I can not solve this "loop" in my learning:

Relativistic kinetic energy is usually defined as (see by example here):

$$ T = \int \mathbf{v} d \mathbf{p} = \int \mathbf{v} d(\gamma m \mathbf{v}) = (\gamma-1) m c^2 $$ where $\mathbf{p} = \gamma m \mathbf{v}$ is used as premise.

(Four) momentum is defined as:

a) from mass multiplied by position derivative respect to proper time (something usually deprecated due to the mix of reference frames for $\mathbf{x}$ and $\tau$):


b) from action related to Lagrangian of the free particle (see here):

$$ \mathbf{p} = \frac{\partial S}{\partial \mathbf{q}} = \frac{ \partial L}{\partial \dot{\mathbf{q}}} $$

where $ S=\int L dt $ and the Lagrangian $ L = - \frac{ 1 }{\gamma} m c^2 $ is obtained from the total energy $E=\gamma m c^2$ and:

b1) total energy from kinetic (loop!) $T=(\gamma-1)mc^2$ plus rest energy $mc^2$ or,

b2) from energy-momentum relation $E^2 = p^2c^2+m^2c^4 $ and energy-momentum relation (see here) from four-momentum norm (loop!).

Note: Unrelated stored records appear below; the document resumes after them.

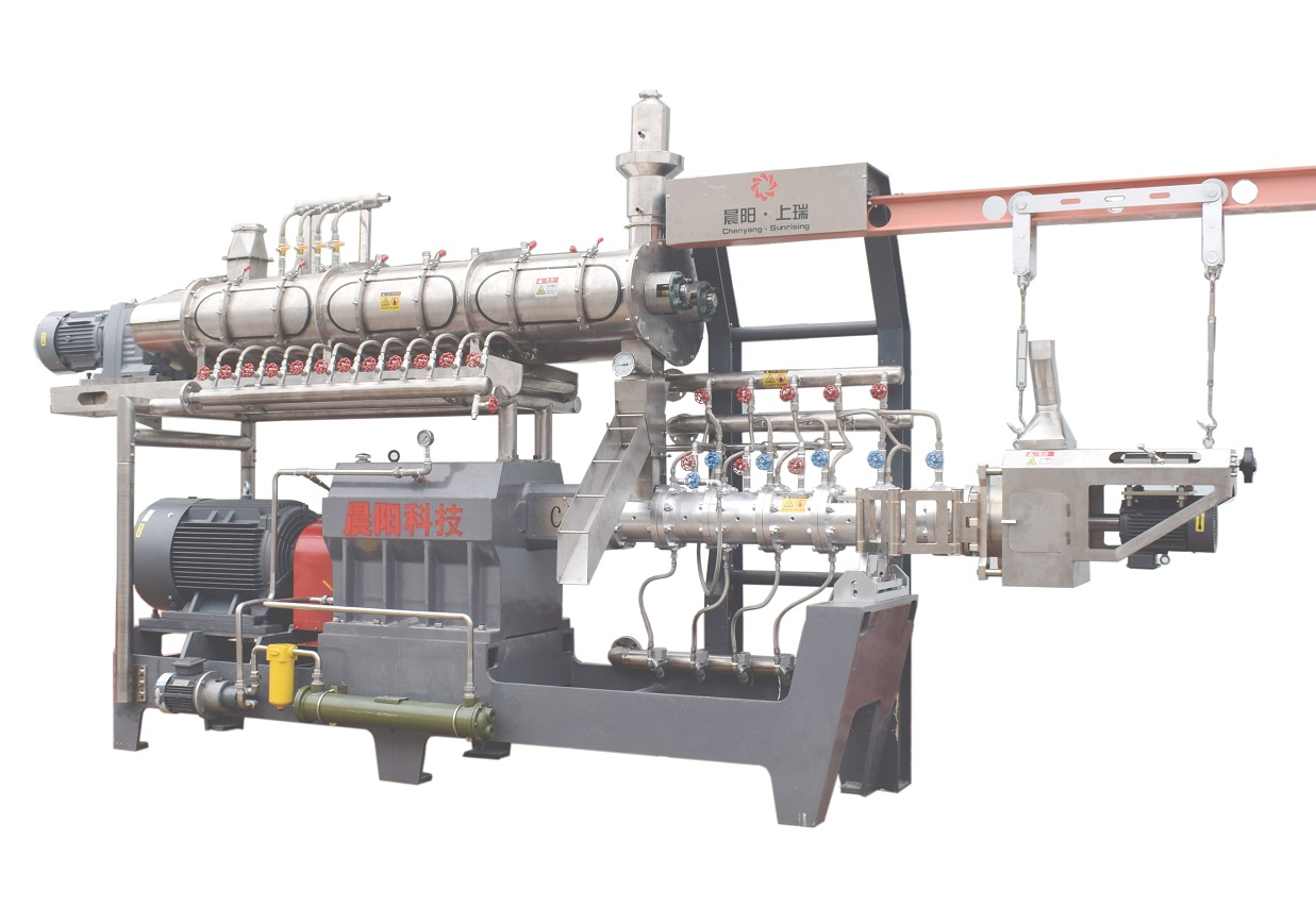 6.加 水進(jìn) 入擠 壓 機 是 為 了 更 好 的 調 和, 如 果 加 水 過(guò) 度 就 會(huì ) 使 產(chǎn) 品 有 小 尾 巴, 結 塊 和 產(chǎn) 品 的 相 互 粘 結。 達到12%的 水 可 以 加 入 擠 壓 機( 正 常8% 多 一些), 達 到1% 的蒸 汽 可 加 入 擠 壓 機。
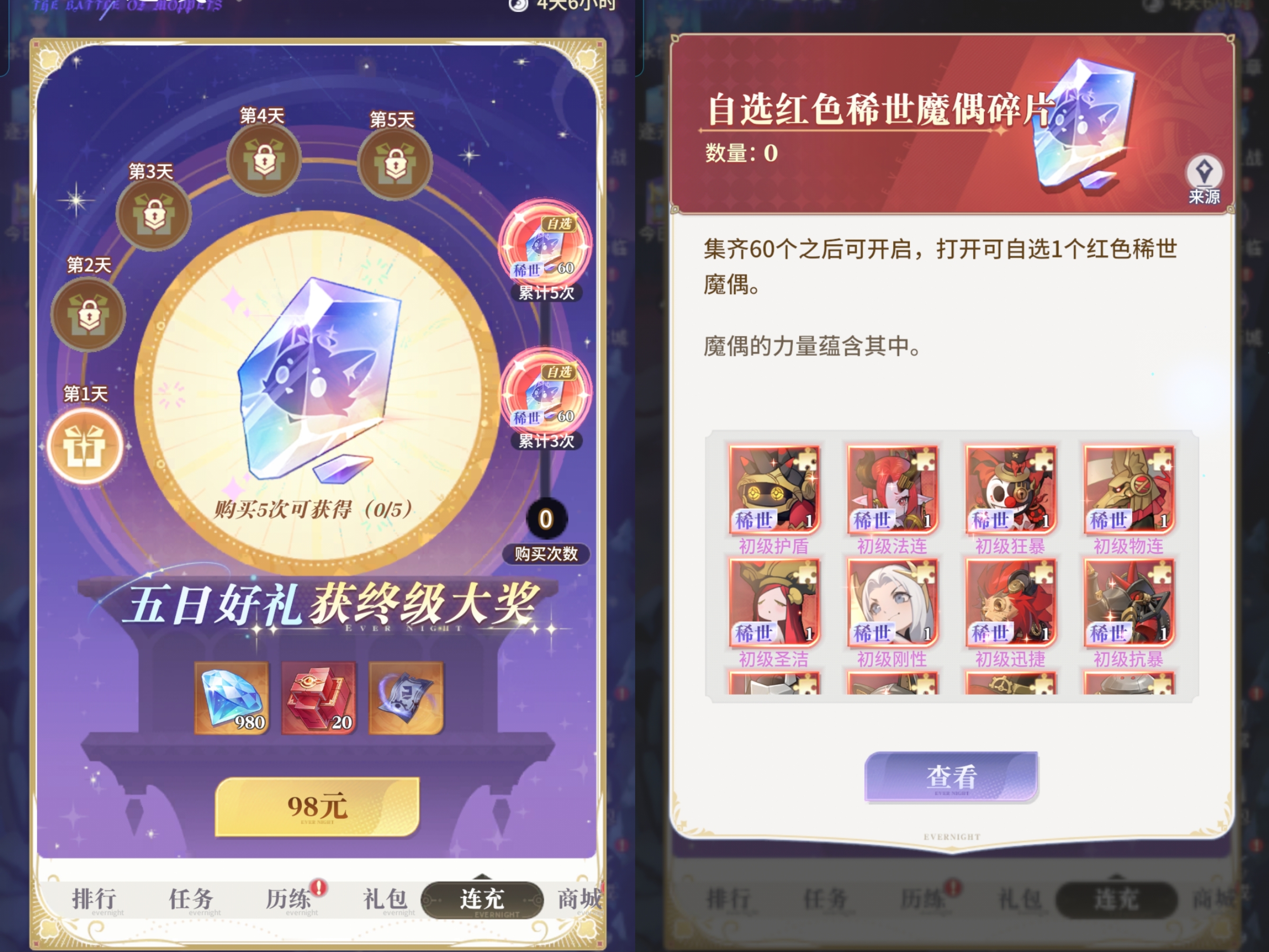 五:【魔偶之战】连充。每天冲98元可以获得980钻石+20高级魔偶箱子+1张净世卷。
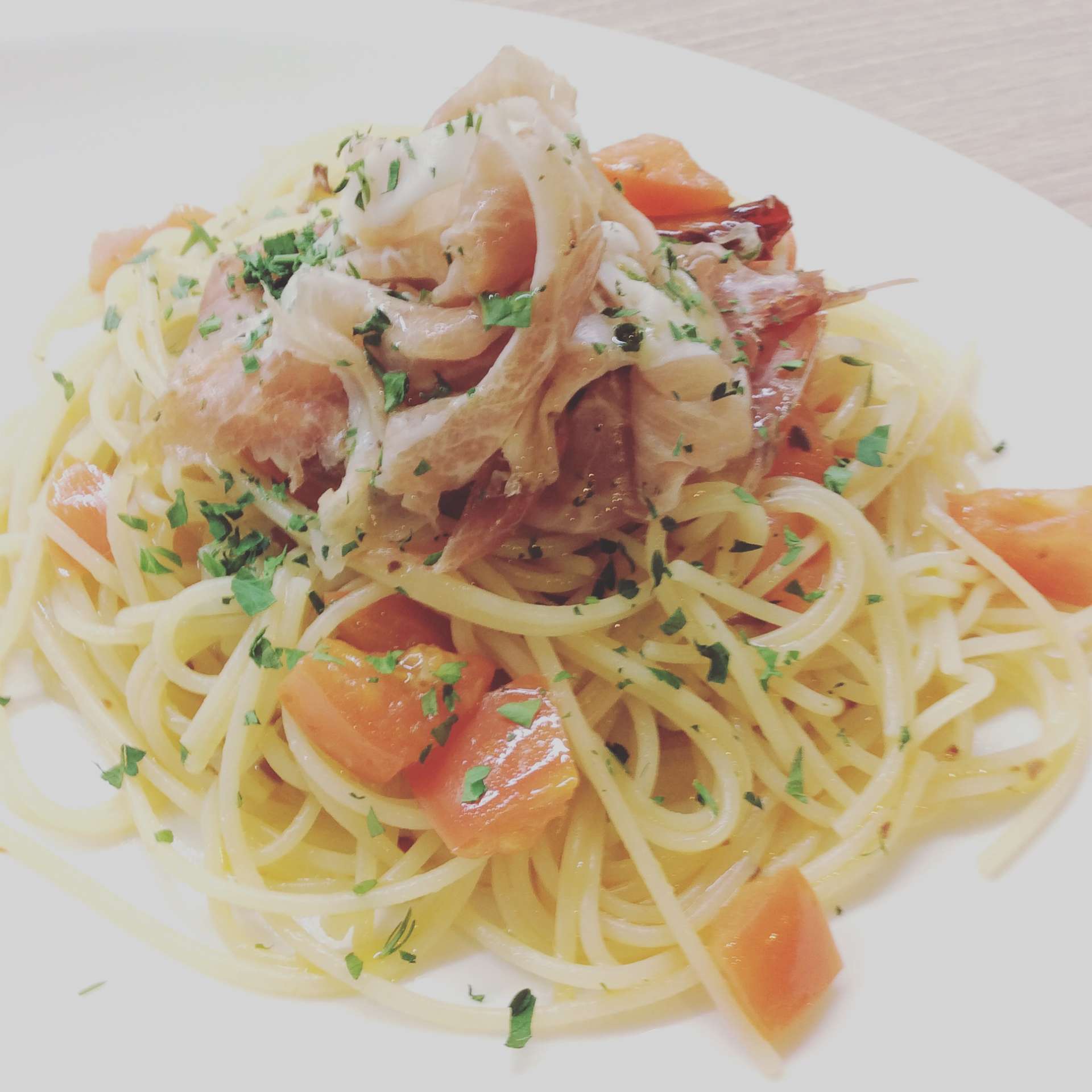 イタリアンプロシュートのペペロンチーノ 2025/05/12 レストラン&バー・エルコレです。 【イタリアンプロシュートのペペロンチーノ】 シンプルなペペロンチーノにイタリアンプリシュートを合わせました。 あっと言う間になくなっちゃう美味なペペロンチーノです。 是非ご賞味下さい。
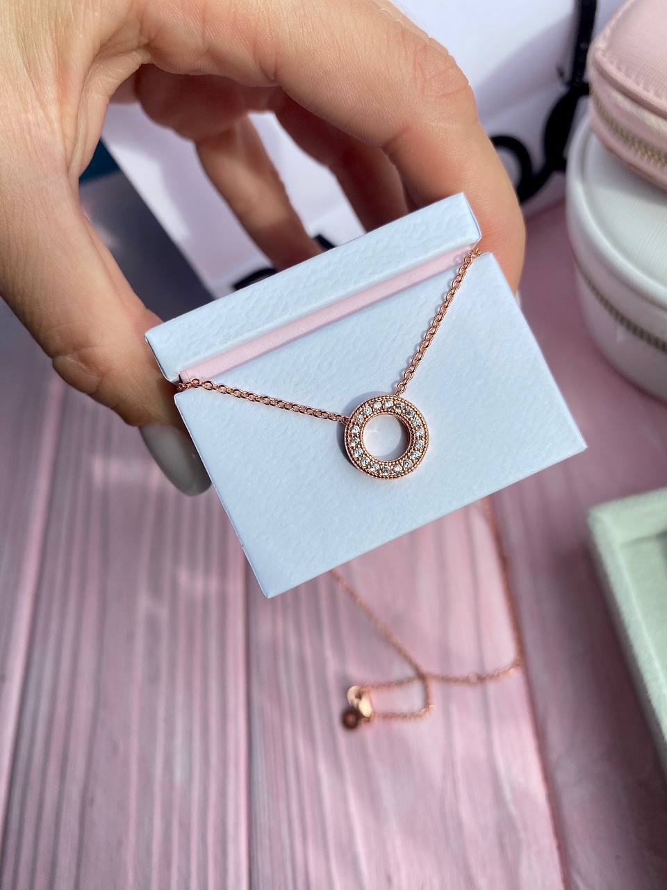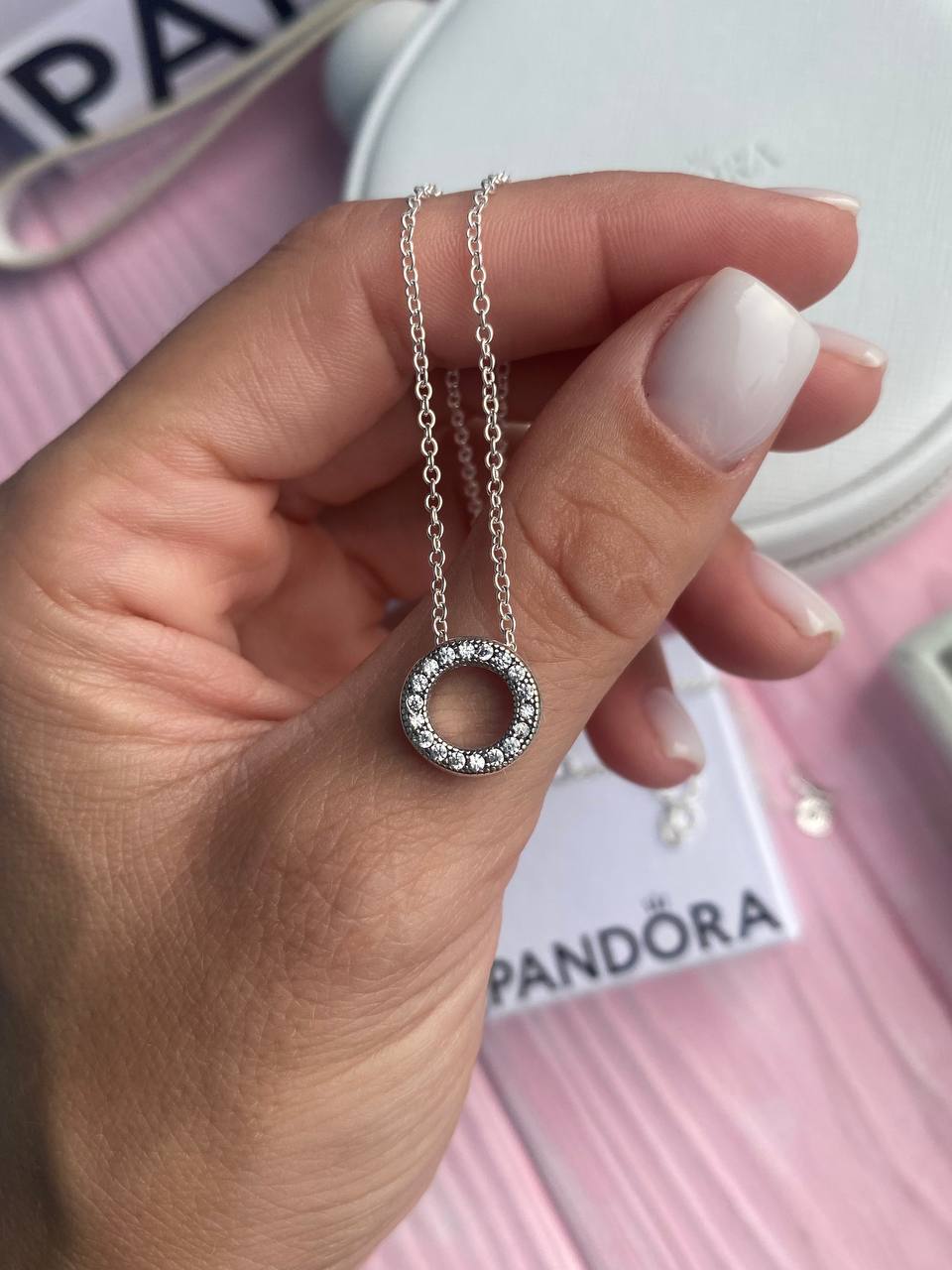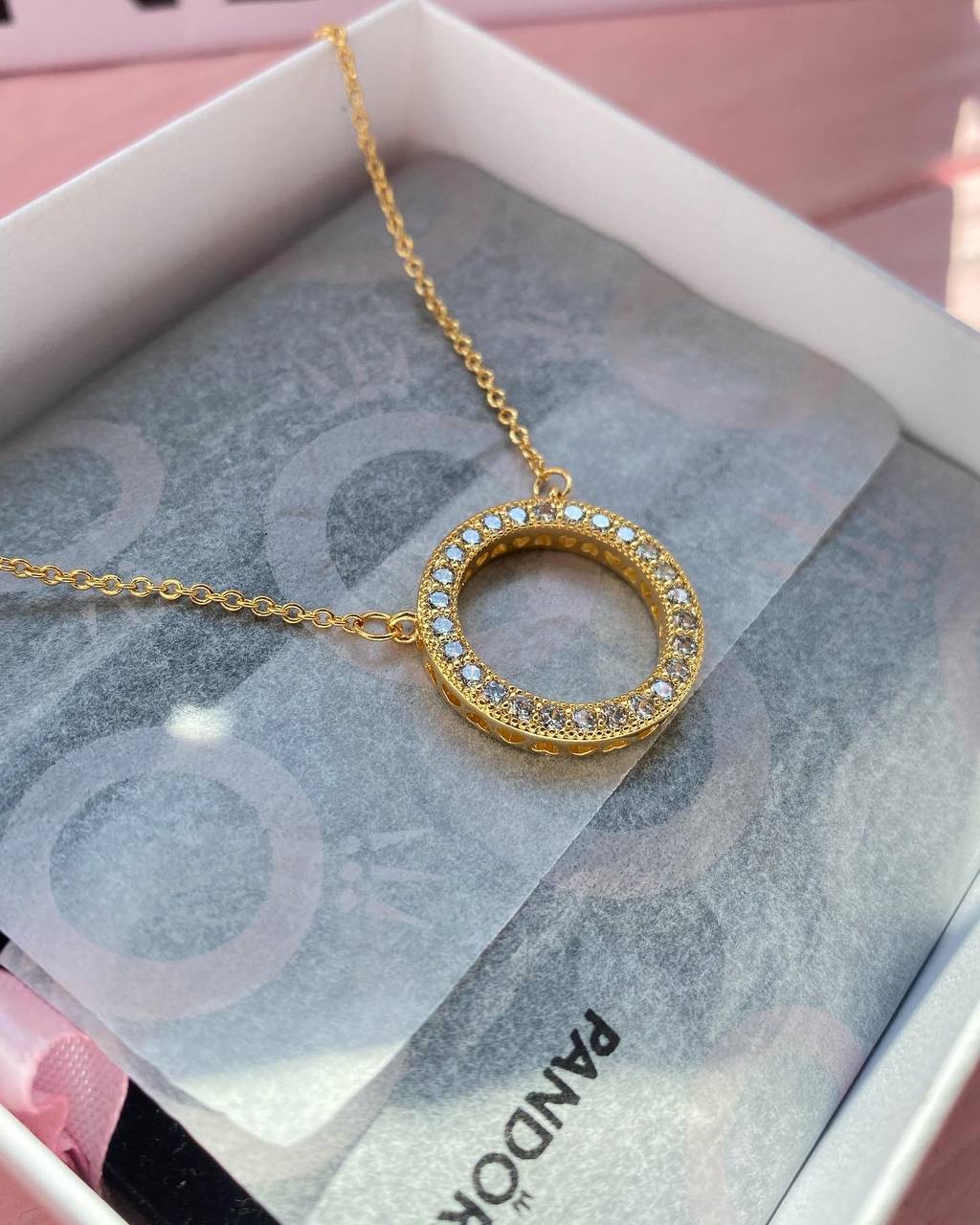 Os círculos são um símbolo do infinito, sem começo ou fim. O círculo liso cravejado de pedras do nosso colar pendente exclusivo cria uma elegante declaração de eternidade que presta homenagem à nossa herança na fabricação de joias. Detalhado com o logotipo Pandora e corações recortados, o estilo reversível é uma adição atemporal a qualquer caixa de joia. Também é um presente atencioso para quem adora os clássicos.

I can not find a linear (non-circular) sequence of definitions that allows me to define and evaluate (four) momentum and kinetic energy in relativistic context.

  • $\begingroup$ Energy is the time component of the 4-vector. The invariant mass is the norm in all frames of reference. You need a metric for taking inner products, e.g. (-1, 1, 1, 1). Then, $-E^2 + p^2 = -m^2$, where I use $c = 1$. Then the above relation comes out. I think you have some typos in your question, like $p^2c^2$ and I don't understand how you define momentum in terms of position. $\endgroup$
    – user196418
    Dec 15, 2020 at 13:03
  • $\begingroup$ @ggcg: fixed typo and "a)" clarified. $\endgroup$ Dec 15, 2020 at 13:21
  • $\begingroup$ Ask yourself what is $\gamma$, and how that relates to the Lorentz transform. Many of your definitions are all self consistent. I am not sure what you mean by "as linear as possible" in your comment. $T = E - mc^2$, total energy minus rest mass energy. Your comments b1 and b2 are self $\endgroup$
    – user196418
    Dec 15, 2020 at 13:33
  • $\begingroup$ Don't use Wikipedia for learning. I check out that link and it's just a long list of factoids, which may all be correct but don't illuminate what is going on. All of your definitions seem self consistent. I think the biggest issue is understanding that energy is not a scalar in relativity, like time and space mix, energy and momentum mix. $\endgroup$
    – user196418
    Dec 15, 2020 at 13:36
  • $\begingroup$ @ggcg: if I obtain value $T$ from value of $\mathbf{p}$, value of $\mathbf{p}$ from $E$ and $E$ from $T$ is a loop. If obtain $p$ from $L$, $L$ from $E$ and $E$ from $p$, it is a loop. By linear I mean a sequence of definitions and inferences without loops. $\endgroup$ Dec 15, 2020 at 13:36

1 Answer 1


First, it is a mistake to worry about "loops". A loop simply says that a set of concepts is self-consistent. There is nothing wrong with self-consistency, in fact, it is pretty important. Once you have a self-consistent set of statements then you can usually arbitrarily label one set as "definitions/assumptions/axioms" and the rest as "results/conclusions/theorems". The choice of which statements belong in which category is inherently somewhat arbitrary and different authors are free to change them.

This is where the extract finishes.